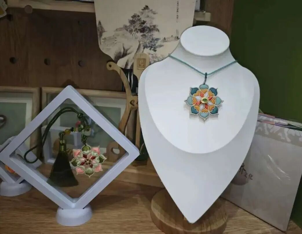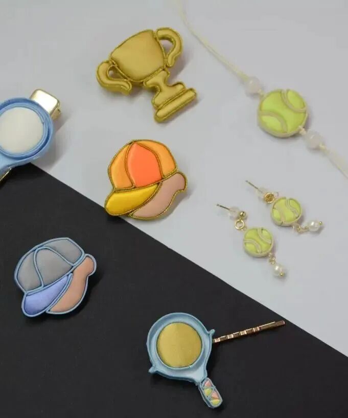 一枚枚精致的盘扣作品在大师赛场馆展厅内展出——这批作品由15位闵职院师生组成的创作团队历时两周完成,共计20余件,涵盖胸针、吊坠、耳环等形式,分为“马桥文化系列”与“网球运动系列”两大主题。前者取材于马桥古镇的传统纹样与非遗符号,将地域文化的厚重融入细密的绳线之中;后者则以网球拍、球场线、旋转轨迹为灵感,将运动活力融入传统技艺,让非遗艺术焕发当代气息。
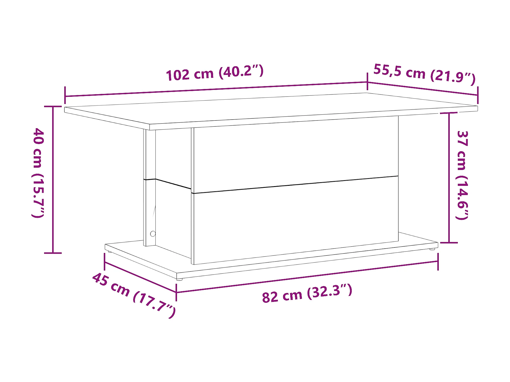 Table basse noir 102x55,5x40 cm bois d'ingénierie
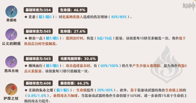 4.夏沃蕾的生命值如果堆叠至3.5W,考虑到攻击力存在不小的稀释现象,可选择「西风长枪」来丰富夏沃蕾的功能性,此时圣遗物的副词条或理之冠主词条可考虑堆叠些许暴击率,进而促进触发该武器的被动、优化队伍循环。
○ ○ ○ ○
Work item: The answer must consist solely of the lines from the line containing "Table basse noir" to the end of the data, reproduced exactly, with every picture left out.

Answer to this problem:
 Table basse noir 102x55,5x40 cm bois d'ingénierie
 4.夏沃蕾的生命值如果堆叠至3.5W,考虑到攻击力存在不小的稀释现象,可选择「西风长枪」来丰富夏沃蕾的功能性,此时圣遗物的副词条或理之冠主词条可考虑堆叠些许暴击率,进而促进触发该武器的被动、优化队伍循环。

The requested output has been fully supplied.